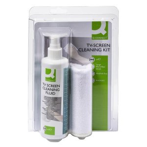 Sada na čištění obrazovek a klávesnic PC značky Q-Connect Obsahuje: 150 ml sprej, suché/mokré ubrousky, láhev 125 ml čisticího roztoku na obrazovky a suché absorpční kapesníčky
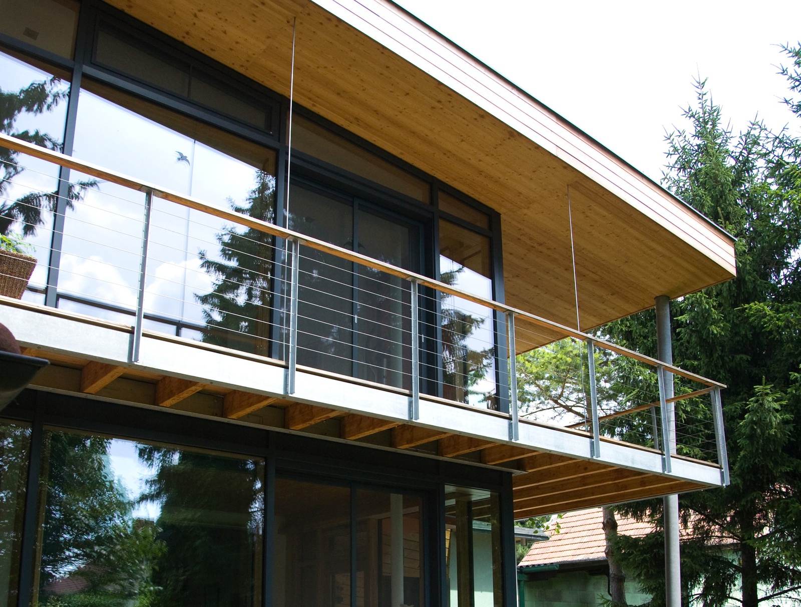 BesichtigungDieses auf den neuesten Stand der Behaglichkeit und Effizienz gebrachte Haus zeigt, dass das Ergebnis den Aufwand rechtfertigt: Am Beginn standen zwei Wünsche. Erstens eine Aufstockung zu realisieren, die nicht als solche erkennbar ist und zweitens sollte der Umbau in bewohntem Zustand erfolgen. Das Kippen des Obergeschoßes verschafft dem Gebäude innen und außen willkommene räumliche Eindrücke. So gelang es, die engen behördlichen Einschränkungen durch eine kreative Form zu lösen. Die Anordnung der Fensteröffnungen betont die Schrägstellung zusätzlich. Der Saunaerker und der kleine Balkon durchbrechen die homogene Holzfassade. Südseitig wird aus der Holzkiste ein Bilderrahmen, der das Haus zum Garten hin öffnet. In der Planungsphase entschieden sich die Bauleute für eine Qualitätssteigerung bis zum Niedrigenergiestandard. Die alte Eternitfassade musste weichen und das Vollziegelmauerwerk wurde mit einem Vollwärmeschutz versehen. Sämtliche Fenster im Erdgeschoß wurden durch Holz/Alu-Fenster mit Dreifachverglasung ersetzt. Die tragenden Mauern wurden bis OK Holzbalkendecke abgetragen, Estrich und Beschüttung auf der Decke entfernt. Nach Fertigstellung des Dachgeschoßes in Holzriegelbauweise wurde die ehemalige Außenwand gartenseitig abgebrochen und eine Treppe eingebaut. Der gesamte Umbau dauerte von Oktober 2007 bis Juli 2008 mit einem sehr hohen Anteil an Eigenleistungen.
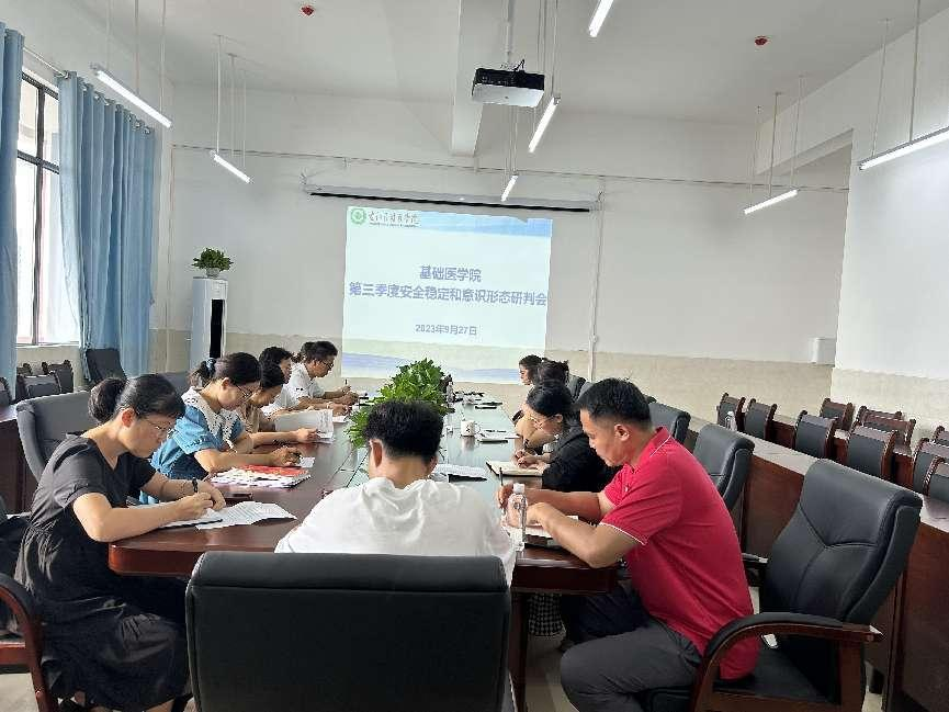 最后,宾晓芸书记作总结讲话,她指出,意识形态工作是党的一项极端重要的工作,必须引起高度重视,密切关注意识形态领域风险问题。一要提高政治站位,始终保持高度警惕、做到头脑清醒,切实主动扛起意识形态工作的政治责任,将学院意识形态工作的领导权、管理权、话语权牢牢掌握在手中;二要强化思想引领,坚持不懈用习近平新时代中国特色社会主义思想和党的二十大精神铸魂育人;三要加强阵地管理,严格落实意识形态工作责任制。在“双节”来临之际,要做好各项工作安全排查,关注重点人群,关注学生动态,关注师生中秋节、国庆节期间外出去向,主动发现问题解决问题,防范化解各类安全风险。加强引导教育,提高师生防网络电信诈骗,防宗教渗透意识,做好师生出行安全、防溺水宣传教育工作,提高师生的安全意识,保障师生人身财产安全,守好廉洁阵地。
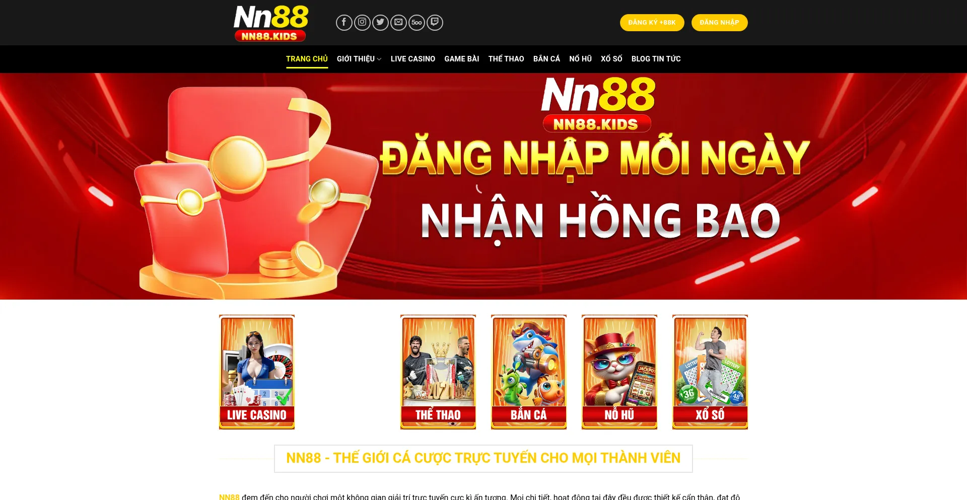 NN88 – Cổng cá cược chính thức tại nn88.com 2026. Trải nghiệm thể thao, casino, slot, bắn cá siêu mượt và nhận ngay +88K cho thành viên mới.

*Description of the task:*
Your answer should consist solely of the lines from the one holding "最后,宾晓芸书记作总结讲话,她指出,意识" through the end of the listing, reproduced exactly and without pictures.

*Result of this task:*
 最后,宾晓芸书记作总结讲话,她指出,意识形态工作是党的一项极端重要的工作,必须引起高度重视,密切关注意识形态领域风险问题。一要提高政治站位,始终保持高度警惕、做到头脑清醒,切实主动扛起意识形态工作的政治责任,将学院意识形态工作的领导权、管理权、话语权牢牢掌握在手中;二要强化思想引领,坚持不懈用习近平新时代中国特色社会主义思想和党的二十大精神铸魂育人;三要加强阵地管理,严格落实意识形态工作责任制。在“双节”来临之际,要做好各项工作安全排查,关注重点人群,关注学生动态,关注师生中秋节、国庆节期间外出去向,主动发现问题解决问题,防范化解各类安全风险。加强引导教育,提高师生防网络电信诈骗,防宗教渗透意识,做好师生出行安全、防溺水宣传教育工作,提高师生的安全意识,保障师生人身财产安全,守好廉洁阵地。
 NN88 – Cổng cá cược chính thức tại nn88.com 2026. Trải nghiệm thể thao, casino, slot, bắn cá siêu mượt và nhận ngay +88K cho thành viên mới.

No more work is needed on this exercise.